James Lawson is currently in the process of recording information about model curation, and has in fact begun experimenting with using the wiki format for representing this information. It may be some time, however, until this develops into a useful resource. If anyone in the community has any information regarding specific models that they believe might be relevant to this 'CellML-curation-wikipedia,' they would be strongly encouraged to share this information with the community.

The more people that work on this project, the faster it will develop, which will make the site more useful to users, which will increase the community, etc. etc.


Sorting by Curation Status

The ability to sort/filter/search by curation status would be a useful feature to have on the site. Currently we can only sort models by the number of 'general curation' stars assigned to the latest version of each model.


Pros:

  • We will be able to represent the model curation status in a clear, concise manner.
  • We will be able to record all the relevant information about the curation process a model has undergone
  • The proposed system of wikis will create some proper documentation for each model, over and above the scope of the metadata

Cons:

  • The user is presented with several icons they have to learn the meaning of before they can get any value out of the proposed system
  • Displaying 6 or 7 different glyphs next to each model in the main model listing is going to take up a fair bit of space
  • The glyphs might look tacky
  • Displaying correspondence with authors in the model wikis might be a problem
  • Each listing entry on the main page is an umbrella representing multiple versions and variants. The glyphs would probably only describe the most highly curated version/variant, which might be misleading if other versions/variants are in some way useful.

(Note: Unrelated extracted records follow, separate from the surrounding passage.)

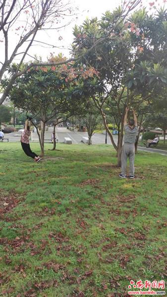 记者发现,景区这些不文明行为居然发生在大人身上,抓着树枝做运动,很不安全的同时也导致树木的损坏 。工作人员说,这几年随着大家文明意识的提升,游客的不文明行为少了很多。可随手扔垃圾和折毁树木的 这些不文明行为仍有存在的,每次节假日一过,一些原来绿油油的草地就被踩出小路了。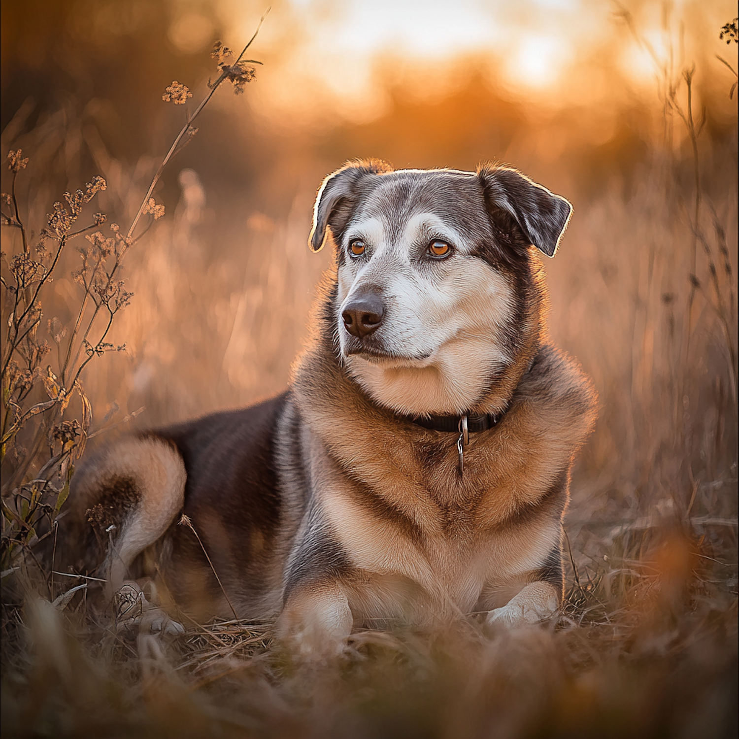A serene dog resting in a golden field at sunset, with warm tones and a calm, attentive gaze. Perfect for nature and pet lovers.
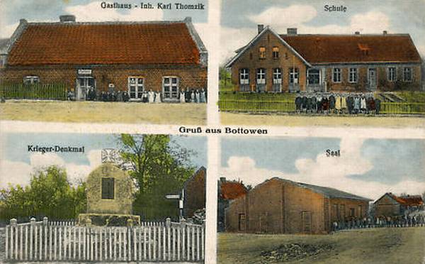 Aus der Gemeinde Bottowen starben im Weltkrieg 1914-18 den Heldentod Fritz Piechottka, † 18.8.1914 Joh. Rosmannek, † 9.9.1914 Gus. Krause, † 19.11.1914 Fried. Pfeiffer, † 5.12.1914 Joh. Kruck, † 22.3.1915 Bert. Schlebrowski, † 12.4.1915 Emil Posdziech, † 7.6.1915 Aug. Schweidler, † 24.7.1915 Gust. Fiedrich, † 11.8.1915 Gottl. Mlodzian, † 16.12.1915 Gottl. Mondry, † 21.3.1916 Jos. Klimmek, † 2.9.1916 Mich. Jelenius, † 25.3.1918 Jos. Barwinski, † 1.4.1918 Herm. Zimek, † 29.4.1918 Paul Roweda, † 1.7.1918 Aug. Krogull, † 28.7.1918

Questions & Considerations:


Do we have a model wiki for each version/variant? Perhaps we could have an umbrella wiki which describes all versions and variants.*

What will this glyph/icon based system look like? How will we avoid 'cluttering' the glyphs/icons?

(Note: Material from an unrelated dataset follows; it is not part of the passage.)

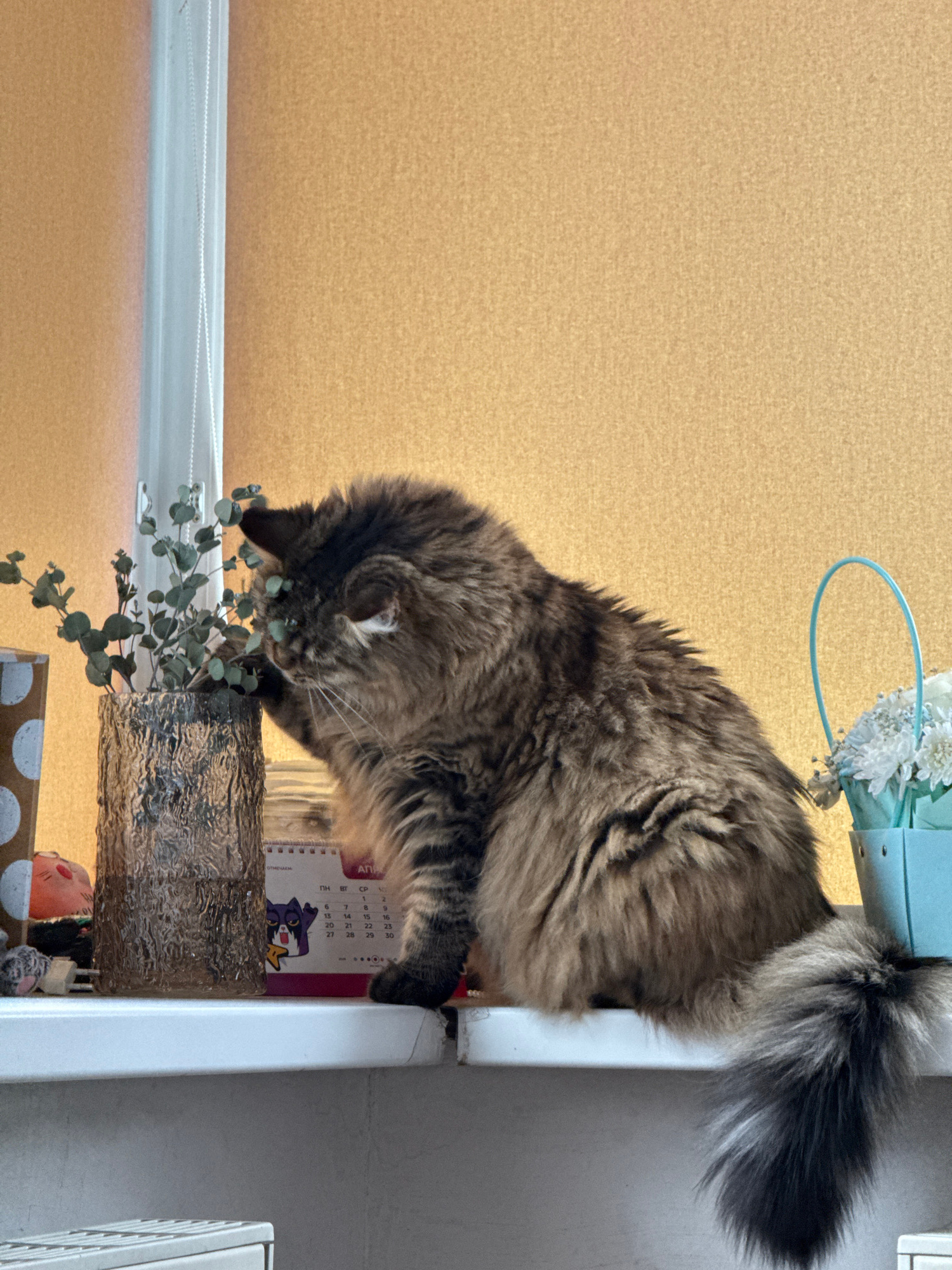 A long-haired tabby cat perches on a shelf near a window in an indoor setting. The cat is investigating a vase of eucalyptus branches. Above the cat, a small blue pail containing white flowers hangs f…read more

We would need quite a formal structure for the wikis to represent information in a clear, consistent manner - what will this be?

What will a CellML 1.1 repository look like and how might the representation of curation status information be required to change?

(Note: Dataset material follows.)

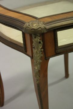 A VERY GOOD 19TH CENTURY FRENCH KINGWOOD SQUARE BIJOUTERIE TABLE with ormolu mounts, silk interior, glass panels to the sides and supported on curving legs.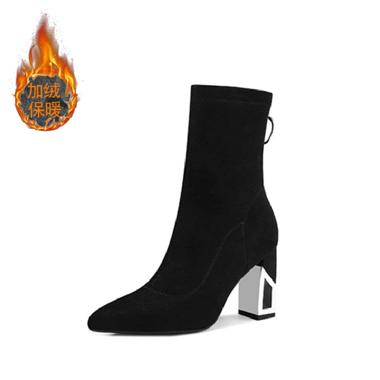 | nameOriginal | Elastic slim boots for women, autumn and winter high-heeled short boots, suede spring and autumn single boots, pointed toe socks boots, large size thick heel mid-calf boots |

What considerations do we need to make to ensure the consistency of the proposed representation system throughout future versions of the cellml.org model repository.

The above proposed descriptive flags are limited to describing the mathematical status of the model. We will need flags for representing the curation status of models with respect to annotation with ontologies and database references, but we have not yet decided on exactly how this process will work

Further discussion on curation theory is needed to make a set of standards (that can be represented by the proposed descriptive flags) that will continue to be relevant

Input from other groups working with CellML and indeed other groups developing repositories of curated computational biology models would be very helpful. It is possible that a universal standard of curation status representation could be developed.


Discussion:


A mailing list thread on team@cellml.org has been started on this topic. The archives of this thread can be found at http://www.cellml.org/pipermail/team/2007-August/000102.html


At the Auckland CellML meeting of 15/08/07, these matters were discussed. The minutes for this meeting can be found at: http://www.cellml.org/meeting_minutes/MeetingMinutes15August2007/


The objective of this proposal is to kick-start a discussion with the wider community on how to better represent the curation status of models in our cellml.org repository. A 'descriptive flag' system is currently one of the better ideas we have come up with. If anyone has an idea that out of the scope of this document, please feel free to express it.


Ideally, after discussion on the cellml-discussion mailing list, we will be able to flesh out this document to the point where it becomes an official action plan, and also we will have, at least to some extent, co-ordinated our efforts with the BioModels group and other groups who are providing curated, community oriented repositories/databases for computational models of biology.